Information supplied:
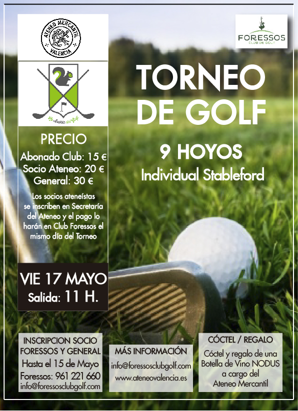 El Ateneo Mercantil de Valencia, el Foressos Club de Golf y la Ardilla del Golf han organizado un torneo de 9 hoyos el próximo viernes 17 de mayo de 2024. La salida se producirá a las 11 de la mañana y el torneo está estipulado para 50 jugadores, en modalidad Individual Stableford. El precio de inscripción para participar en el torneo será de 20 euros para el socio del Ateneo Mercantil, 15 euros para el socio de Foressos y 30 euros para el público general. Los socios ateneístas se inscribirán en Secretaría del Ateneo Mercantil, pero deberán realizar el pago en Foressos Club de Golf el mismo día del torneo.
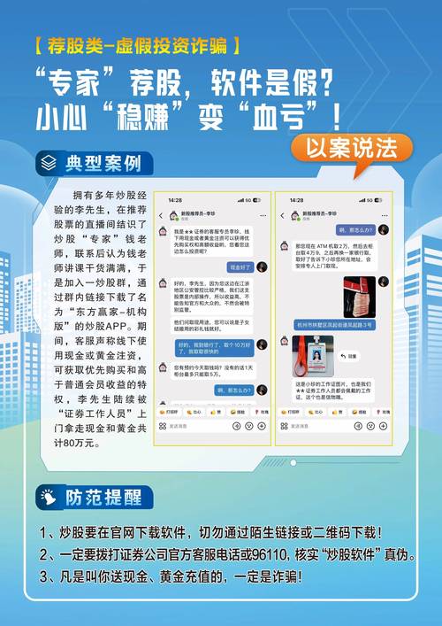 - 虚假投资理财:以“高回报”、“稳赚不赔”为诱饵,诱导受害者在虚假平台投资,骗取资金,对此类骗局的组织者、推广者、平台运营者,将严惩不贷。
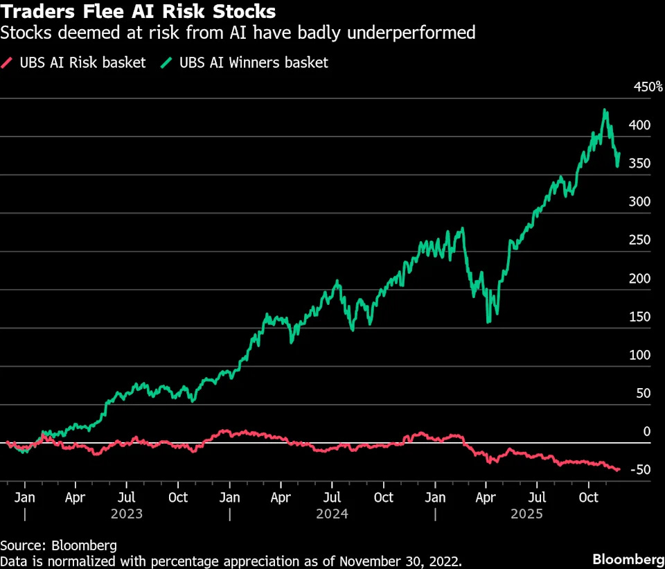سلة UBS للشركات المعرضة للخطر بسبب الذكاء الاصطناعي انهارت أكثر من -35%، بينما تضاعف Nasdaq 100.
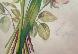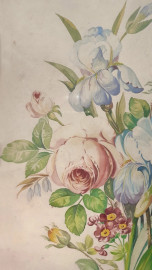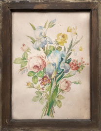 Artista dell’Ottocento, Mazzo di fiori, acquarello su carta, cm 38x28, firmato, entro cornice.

Assignment: Take the lines from the one holding "سلة UBS للشركات" through the final line of the listing above and copy them exactly, both ends included, with no pictures.

Solution:
سلة UBS للشركات المعرضة للخطر بسبب الذكاء الاصطناعي انهارت أكثر من -35%، بينما تضاعف Nasdaq 100.
 Artista dell’Ottocento, Mazzo di fiori, acquarello su carta, cm 38x28, firmato, entro cornice.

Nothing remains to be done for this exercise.